Но даже ваш покорный слуга, бывший одним из первых логистов Университета, не смог собрать воедино осколки известных мне фактов!
Мало помалу я задремал и проснулся лишь под утро, когда гроза, перевалив-таки через горы, громыхала в отдалении, обещая ливень к полудню…
* * *
А между тем, время шло, и всё ближе и ближе был решающий поход…
К. И. Стивенс, магистр
******
… я с удивлением открыл глаза. Надо же, задремал! С беспокойством я завертел головой, пытаясь определить, где же мы всё-таки едем. Ни черта не было видно сквозь заиндевевшие трамвайные стекла!
- Ленина. Следующая - площадь пятого года… - прохрипел репродуктор.
Неуклюжий пакет из бумаги крафт по-прежнему лежал у моих ног. Цела моя говяжья нога!
Сегодня к нам в лабораторию ворвалась Людмила и принесла на крыльях весть о том, что все желающие могут получить мясо без талонов, отбоярившись некоей символической суммой. Институтский люд не был избалован подобными подарками и суетливо вставал в очередь. Мы с Женькой как всегда прохлопали ушами, положившись на вечный "авось", но, как ни странно, промозглой говядины хватило и на нас.
Николай Васильевич, главный организатор благого деяния, а также главный и всеми уважаемый рубщик, выделил нам по здоровенному куску, предварительно взвесив его на весах, на которых обычно взвешивались так называемые "присадки" перед контрольными выплавками. Мы выклянчили в соседней лаборатории пару дырявых мешков из бумаги крафт дерьмового цвета и сложили туда наши трофеи.

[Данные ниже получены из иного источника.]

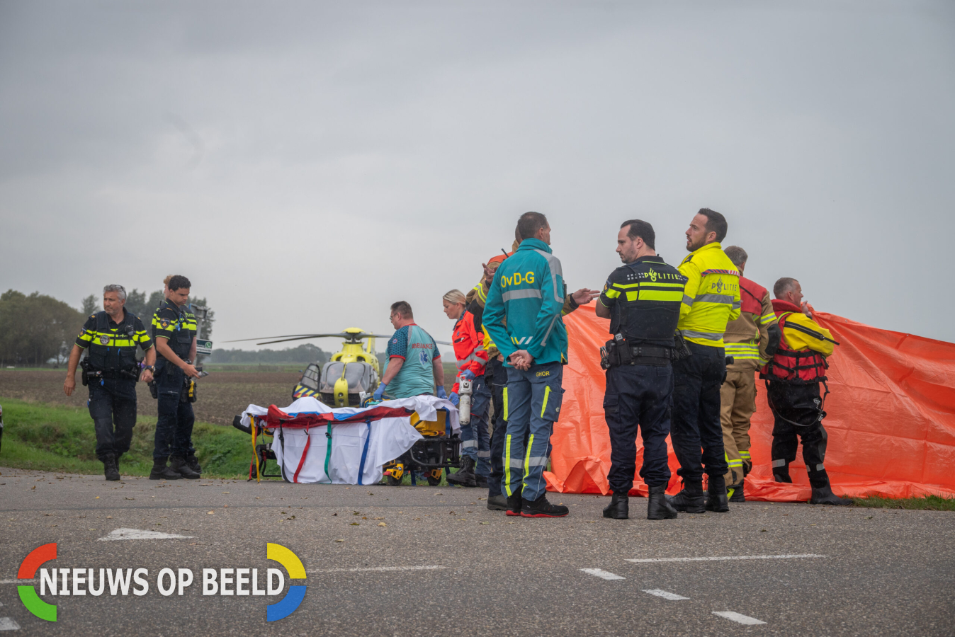 De Forensische Opsporing Verkeer doet onderzoek naar het ongeval, om die reden is de kruising volledig afgesloten voor verkeer.

На радостях мы организовали распитие спиртных напитков на рабочем месте в послерабочее время, ибо таковое уже давно настало. Подобное мероприятие привлекло достаточное количество желающих и стоило нам остатков медицинского спирта, чудом сохранившегося с предыдущего междусобойчика…

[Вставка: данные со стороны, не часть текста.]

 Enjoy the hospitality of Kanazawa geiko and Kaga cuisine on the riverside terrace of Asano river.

- Ничто не даётся нам так дёшево и не ценится нами так дорого, как хорошая пьянка! - громогласно провозгласил Евгений, когда, уже в первом часу ночи, мы притащились на трамвайную остановку. С мешками за спиной, - а иначе тащить их было неудобно, - мы напоминали парочку вороватых бомжей, дружно выписывающих кривые на промерзшей улице.
- Однако, ты прав, - с трудом выговорил я, удивляясь тому, как заплетается язык на простейших фразах. - Недаром тебя народ избрал…
Буквально на днях до нас донёсся пьянящий ветер перемен, и мы единогласно избрали Женьку председателем Совета Трудового Коллектива лаборатории номер 37, Ордена Трудового Красного Знамени Всесоюзного Научно-исследовательского Института энергетических систем нагрева металлов и производства огнеупоров в цветной металлургии.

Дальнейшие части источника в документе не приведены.